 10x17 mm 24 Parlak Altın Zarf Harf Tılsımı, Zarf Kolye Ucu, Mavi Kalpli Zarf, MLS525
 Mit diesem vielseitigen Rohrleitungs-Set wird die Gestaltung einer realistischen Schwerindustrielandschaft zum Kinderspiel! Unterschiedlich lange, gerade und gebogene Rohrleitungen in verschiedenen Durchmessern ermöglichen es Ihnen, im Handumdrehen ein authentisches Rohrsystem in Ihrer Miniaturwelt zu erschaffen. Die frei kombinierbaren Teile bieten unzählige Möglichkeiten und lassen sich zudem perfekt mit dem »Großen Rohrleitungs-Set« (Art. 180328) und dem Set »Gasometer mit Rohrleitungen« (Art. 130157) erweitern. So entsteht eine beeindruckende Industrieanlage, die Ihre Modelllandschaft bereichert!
══════
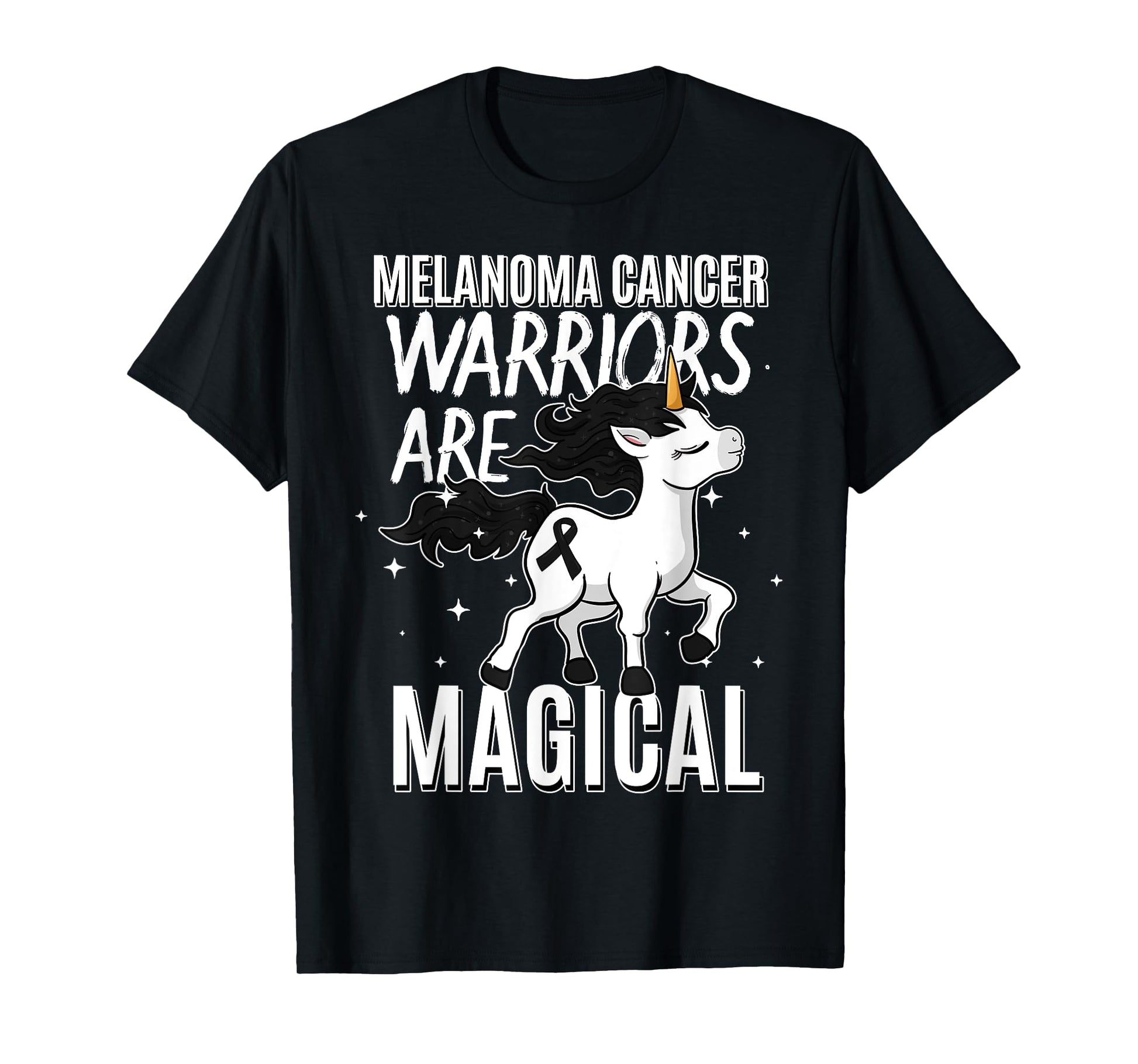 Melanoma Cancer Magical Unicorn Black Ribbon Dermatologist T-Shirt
══════
■ Description of the task
Reprint exactly the lines above that start at the one with "10x17 mm 24" and end at the one with "Mit diesem vielseitigen", keeping both and adding none.

■ Exercise response
 10x17 mm 24 Parlak Altın Zarf Harf Tılsımı, Zarf Kolye Ucu, Mavi Kalpli Zarf, MLS525
 Mit diesem vielseitigen Rohrleitungs-Set wird die Gestaltung einer realistischen Schwerindustrielandschaft zum Kinderspiel! Unterschiedlich lange, gerade und gebogene Rohrleitungen in verschiedenen Durchmessern ermöglichen es Ihnen, im Handumdrehen ein authentisches Rohrsystem in Ihrer Miniaturwelt zu erschaffen. Die frei kombinierbaren Teile bieten unzählige Möglichkeiten und lassen sich zudem perfekt mit dem »Großen Rohrleitungs-Set« (Art. 180328) und dem Set »Gasometer mit Rohrleitungen« (Art. 130157) erweitern. So entsteht eine beeindruckende Industrieanlage, die Ihre Modelllandschaft bereichert!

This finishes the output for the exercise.